(Records supplied)

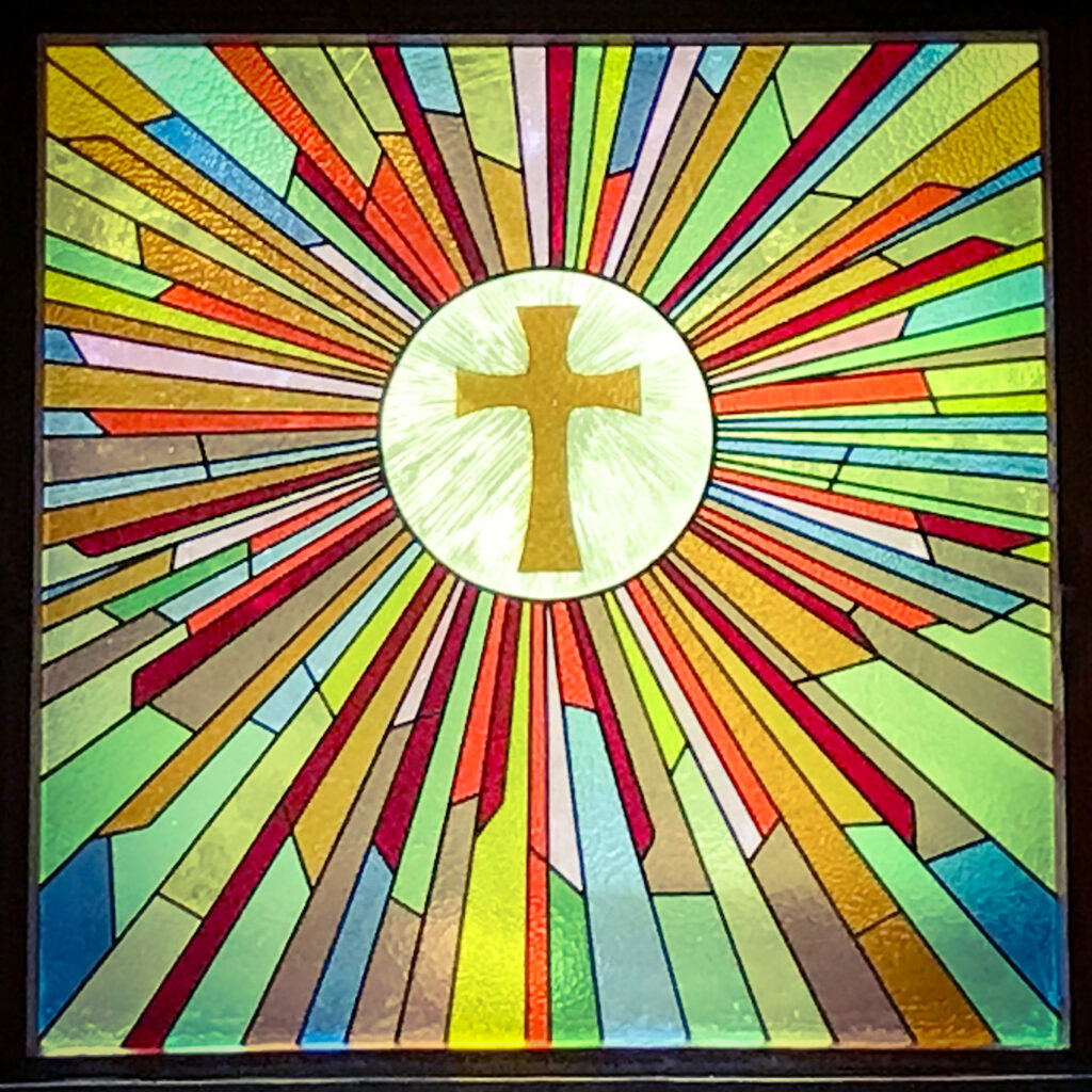 Installation du nouveau vitrail au dessus de l’entrée de l’église en juin 2025
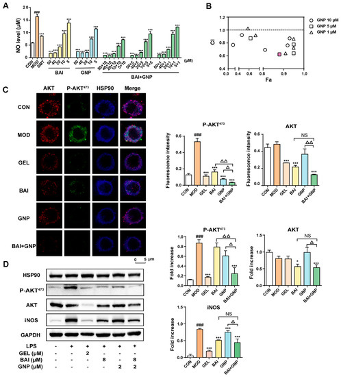Previous studies demonstrated that GNP acts on the pleckstrin homology (PH) domain of AKT and can inhibit the phosphorylation of AKT473 [40]. Thus, we hypothesized that the combination of BAI and GNP had the potential to induce a synergistic anti-inflammatory effect. We indirectly evaluated the combined effect of BAI and GNP on AKT by estimating the production of nitric oxide (NO), a downstream effector of AKT. We found that RAW264.7 cells stimulated with LPS showed significantly increased levels of NO. However, treatment with different concentrations of BAI (5–50 µM) and GNP (5–50 µM) significantly decreased the cellular NO levels. In addition, the combination of BAI and GNP had a more dramatic effect (Figure 3A). Our observations further indicated that BAI and GNP had a synergistic effect, and their optimal molar ratio was 4:1 (pink square shown in Figure 3B). Then, the combination of BAI (8 µM) and GNP (2 µM) was selected for use in the subsequent co-localization and AKT activation tests in the LPS-induced RAW264.7 cells.
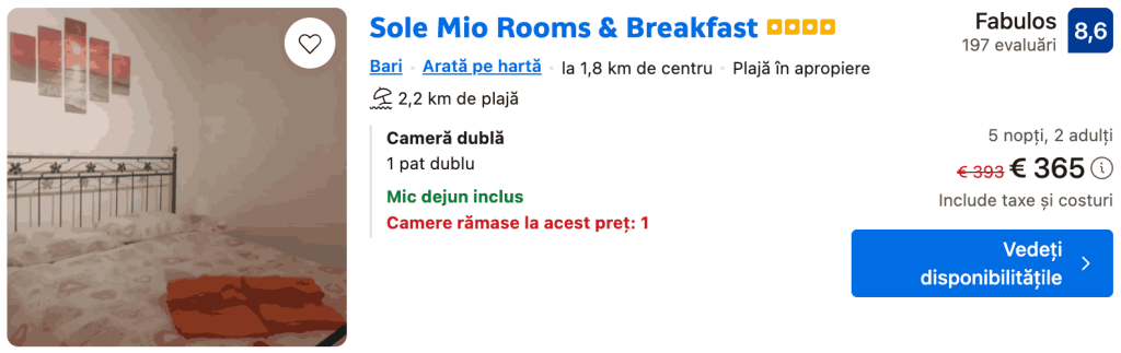 Rezervă din timp altfel vei plăti de 3 ori mai mult! Hai în BARI și ALBEROBELLO cu doar 192€ pentru zbor dus-întors și cazare 5 nopți.
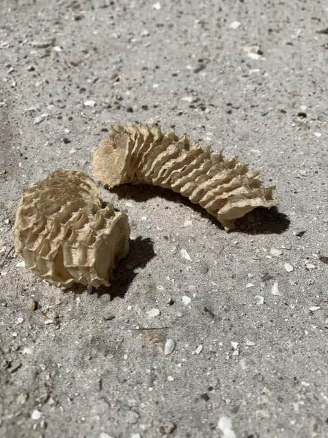 The snake skin-like appearance of this common beach find can be very misleading. These long, curly clusters are actually egg casings from a gastropod called the lightning whelk. Many people are familiar with lightning whelks, a marine snail with a distinct lightning bolt pattern. Female individuals can reach almost 16 inches in length. Lightning whelks are also one of the rare “left-handed” snails, meaning they spiral in a counterclockwise direction with their aperture, or opening, to the left. But what may come as a surprise is how the female whelk lays its string of eggs in such an intricate casing!
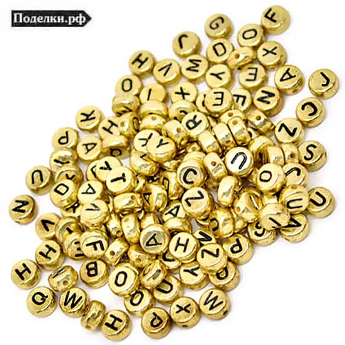 Акриловые бусины Таблетки Алфавит A-Z 0006791 золотого цвета 7x3 мм 26 шт
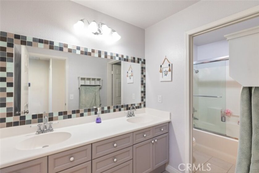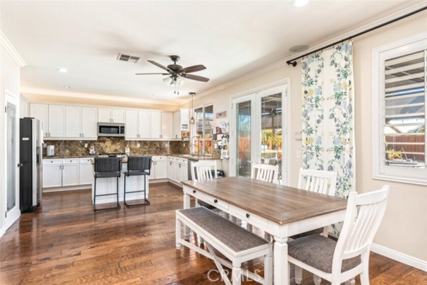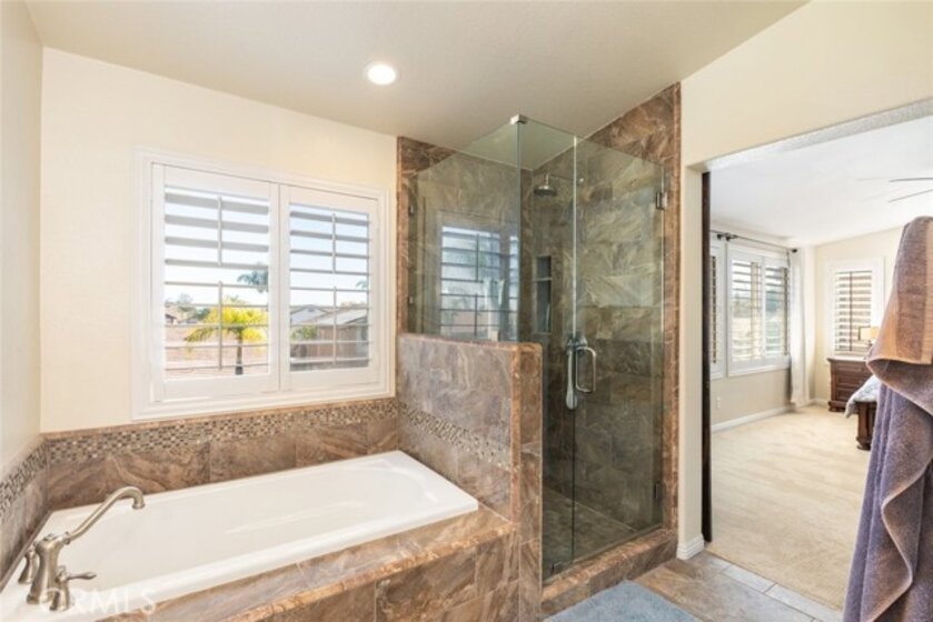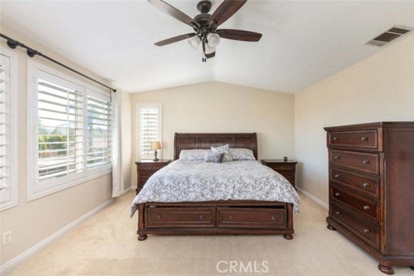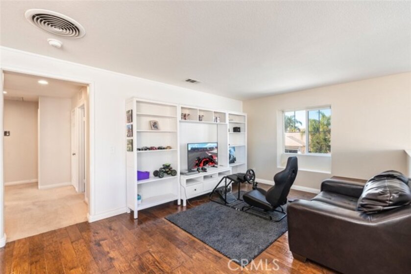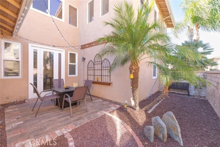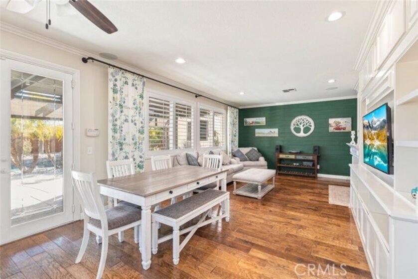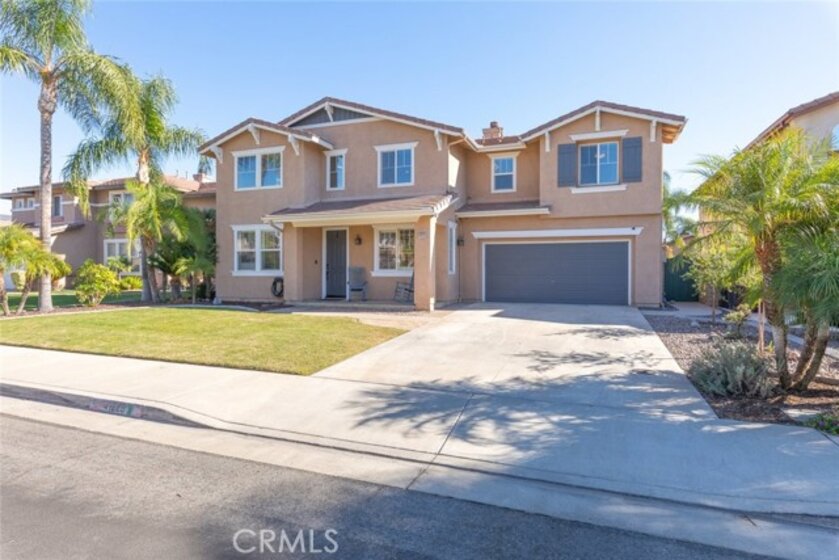 Discover your own slice of paradise with this stunning pool home with PAID OFF SOLAR! Once you step inside this beautiful home, and you'll be welcomed by soaring ceilings and gorgeous hardwood floors that flow throughout the main level. Right off the entry is an optional bedroom, complete with plenty of with custom leaded glass doors. Heading towards the heart of the home, and you'll find an open floor plan perfect for cooking, mingling, and making memories! The kitchen shines with updated cabinets, granite counter tops, and stainless-steel appliances—ideal for the home chef. Nearby, the living room is a showstopper with its shiplap accent wall, updated fireplace, and built-in TV area, adding both elegance and extra storage. Upstairs, an over sized loft/bonus area awaits, perfect for a pool table, movie marathons, or a fun hang-out spot for the kids. The second floor also houses two bedrooms, a guest bath, and a conveniently located laundry room. The primary suite offers a serene escape with plenty of space, plantation shutters, and an en-suite updated with wood cabinetry and custom tile work. Outside, get ready to be wowed by your own private oasis! An intimate courtyard sets the mood in the side yard that leads to a backyard that is built for fun, with a sparkling salt water pool, Jacuzzi, outdoor speakers, a built-in BBQ, and a covered patio built for entertaining with fan, TV and custom shades. This stunning Murrieta gem with NO HOA and PAID OFF SOLAR won’t last long. Come see it before it’s gone!

(End Records supplied)

### What you are asked to do
Retype only the lines that run from the first line of the entries above to the line containing "Previous studies demonstrated", both included. Do not carry over any pictures.

### Result for this exercise
 Installation du nouveau vitrail au dessus de l’entrée de l’église en juin 2025
Previous studies demonstrated that GNP acts on the pleckstrin homology (PH) domain of AKT and can inhibit the phosphorylation of AKT473 [40]. Thus, we hypothesized that the combination of BAI and GNP had the potential to induce a synergistic anti-inflammatory effect. We indirectly evaluated the combined effect of BAI and GNP on AKT by estimating the production of nitric oxide (NO), a downstream effector of AKT. We found that RAW264.7 cells stimulated with LPS showed significantly increased levels of NO. However, treatment with different concentrations of BAI (5–50 µM) and GNP (5–50 µM) significantly decreased the cellular NO levels. In addition, the combination of BAI and GNP had a more dramatic effect (Figure 3A). Our observations further indicated that BAI and GNP had a synergistic effect, and their optimal molar ratio was 4:1 (pink square shown in Figure 3B). Then, the combination of BAI (8 µM) and GNP (2 µM) was selected for use in the subsequent co-localization and AKT activation tests in the LPS-induced RAW264.7 cells.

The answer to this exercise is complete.